In Veganesimo e famiglia1 avevamo caratterizzato il nostro corpo come essere-visto e, in quanto portatore di comportamento, sottoposto allo sguardo, al controllo e al giudizio dell’ambiente sociale a cui apparteniamo.
Il bisogno di sicurezza come funzione difensiva dell’Io e gradiente d’ansia si trasforma in comportamento gratificante verso le aspettative di questo ambiente in questo modo reiterandolo, riproducendolo.
Il corpo risulta essere così il primo degli oggetti culturali, l’incarnazione della cultura come status quo dell’ambiente che abbiamo alle spalle, della tradizione, della società, una ricapitolazione incredibilmente condensata dell’ambiente del passato come ha scritto Phyllis Greenacre.2
Rimettere in questione i valori e la logica che fondano la nostra società, la nostra cultura e tradizione e che ci hanno portato alla totale sovranità sull’Altro vuol dire ribaltare i termini: come l’agente materno o la persona più importante sotto lo sguardo del suo ambiente costringe il figlio in uno stato ansioso che si organizza in risposta gratificante e corrispondente alle aspettative del gruppo, così il figlio deve ora scrollarsi di dosso l’occhio giudicante della madre e da corpo visto e giudicato erigersi a corpo giudicante.
E’ questa oggi la funzione del corpo-vegano:3 non essere corpo sano in una società egoica e narcisistica come la nostra che erige paradisi di benessere, di bellezza e di cultura del corpo, una società ipocondriaca, preoccupata e ossessionata dalla salute; bensì essere termine di confronto, testimonianza di un modo di vivere che non ha più bisogno di sicurezza, tranquillità e felicità, del buon senso e neppure del buon vicinato, di essere garantito e fondato da una logica di violenza e sfruttamento dei più deboli e indifesi.
Come coscienza evoluta ed esistenza possibile senza sfruttamento e sovranità, il corpo-vegano deve farsi paladino di una nuova e più profonda sensibilità, di un pensiero anni luce più evoluto che, al giorno d’oggi, emergendo dall’anonimato, è elitario.

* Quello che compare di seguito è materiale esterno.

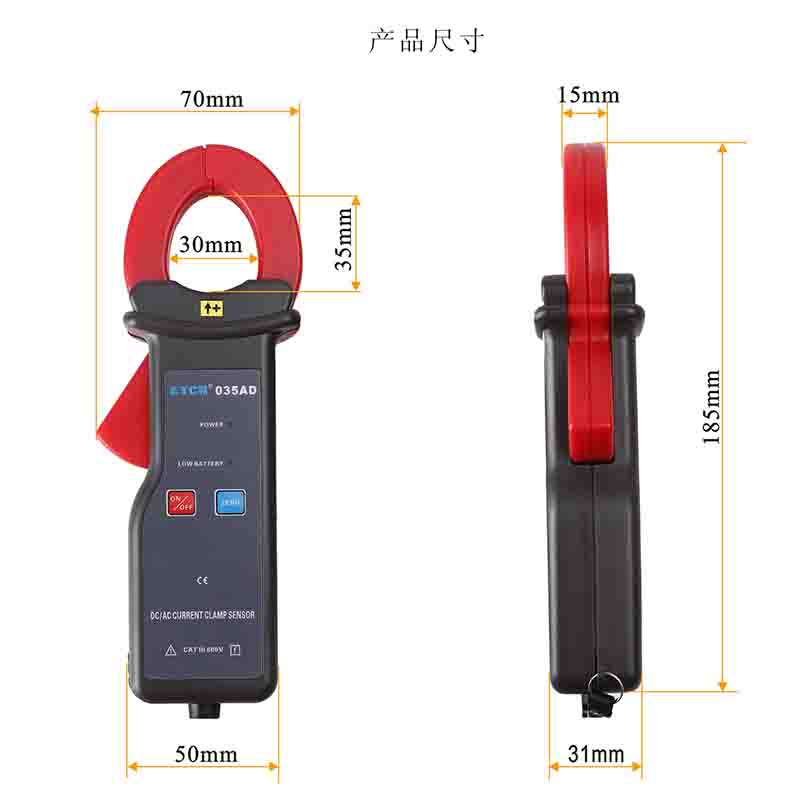 ETCR035AD | ![]() | 量程: 0.0A~1000A AC/DC 精度等級(jí):2 相位誤差:≤3° 工作頻率:DC~400Hz | 1mV/1A | 30mm×35mm | 122mm×70mm×33mm | 180g |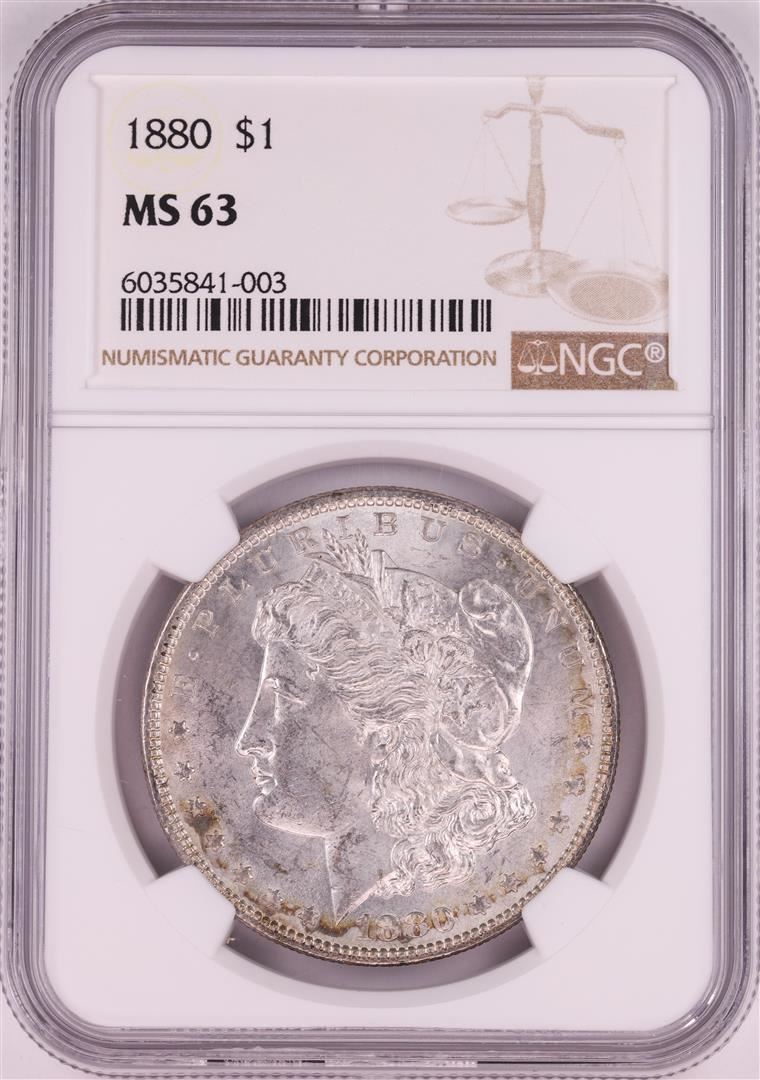 One 1880 $1 Morgan Silver Dollar Coin NGC MS63.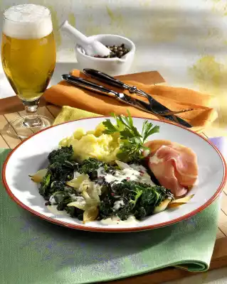 Drain the potatoes, mash them with a potato masher and add the milk-fat mixture. Season to taste with salt and nutmeg. Serve the kale, mashed potatoes, sauce and ham on plates, garnished with pink berries and parsley as desired.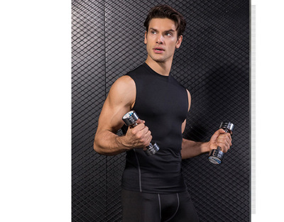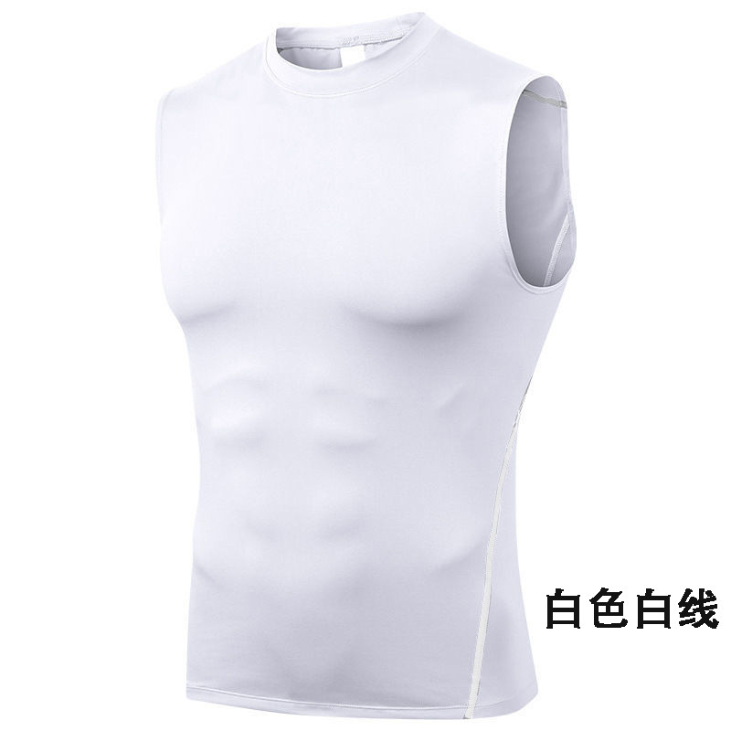 Sports Fitness Tank Top Shoulderless T-Shirt Men Fitted Round Neck Sweatshirt Tight Quick-Dry Gym Fitness Clothing Men

Ma cosa intendo per testimonianza?
Già in Veganesimo e famiglia definivo testimonianza la dimensione assolutamente personale, esistentiva, ontica che fonda il discorso etico universale quale proiezione dell’incontro protoetico con il volto animale come espressione di vulnerabilità, di compartecipazione alla limitatezza, alla sofferenza e alla morte.4
Qui aggiungerei incontro protoetico col volto animale come fiducia, dedizione, fedeltà: guardo la mia cagnetta Carlotta negli occhi e lei non sta soffrendo; ma mi suscita tenerezza e amore il fatto che lei si affida completamente a me.
In questo senso qualcuno ha parlato di un doppio tradimento inflitto agli animali d’allevamento.
Ma il corpo vegano come testimonianza non deve risolversi in amor proprio quale figura della sovranità o in un’economia dell’appropriabile e del riappropriabile; come, per esempio, l’idea di testimonianza in Melanie Joy come empatia e riduzione del divario (gap), delle contraddizioni, assurdità e incongruenze della nostra coscienza che lo schema carnistico, come pregiudizio di conferma, vuole mantenere distorcendo le percezioni che minacciano di riassorbirli.5
Un’implosione, la testimonianza della Joy, dell’individuo che si integra a se stesso e cita Eddie Lama: “mi rendo conto che gli animali continueranno a soffrire e a morire ma non per causa mia”.
La testimonianza risulta così essere semplicemente la coerenza pensiero-azione: da qui l’ossessione di certo antispecismo per la coerenza dimenticando la dimensione della prassi coi suoi diversi apporti contaminanti: “l’antispecismo dovrebbe abbracciare una prospettiva contaminante” scrive Rasmus Rahbek Simonsen.6
Il corpo-vegano come testimonianza non deve essere compiacimento etico ma, piuttosto un chez soi, come direbbe Renee Major, un giardino segreto dentro di sé pronto ad essere disappropriato per accogliere l’altro7, da dove proferire la minaccia, preparare l’insidia, l’azione di disturbo, l’agguato, l’attentato allo status quo sovrano: non è etica, è politica.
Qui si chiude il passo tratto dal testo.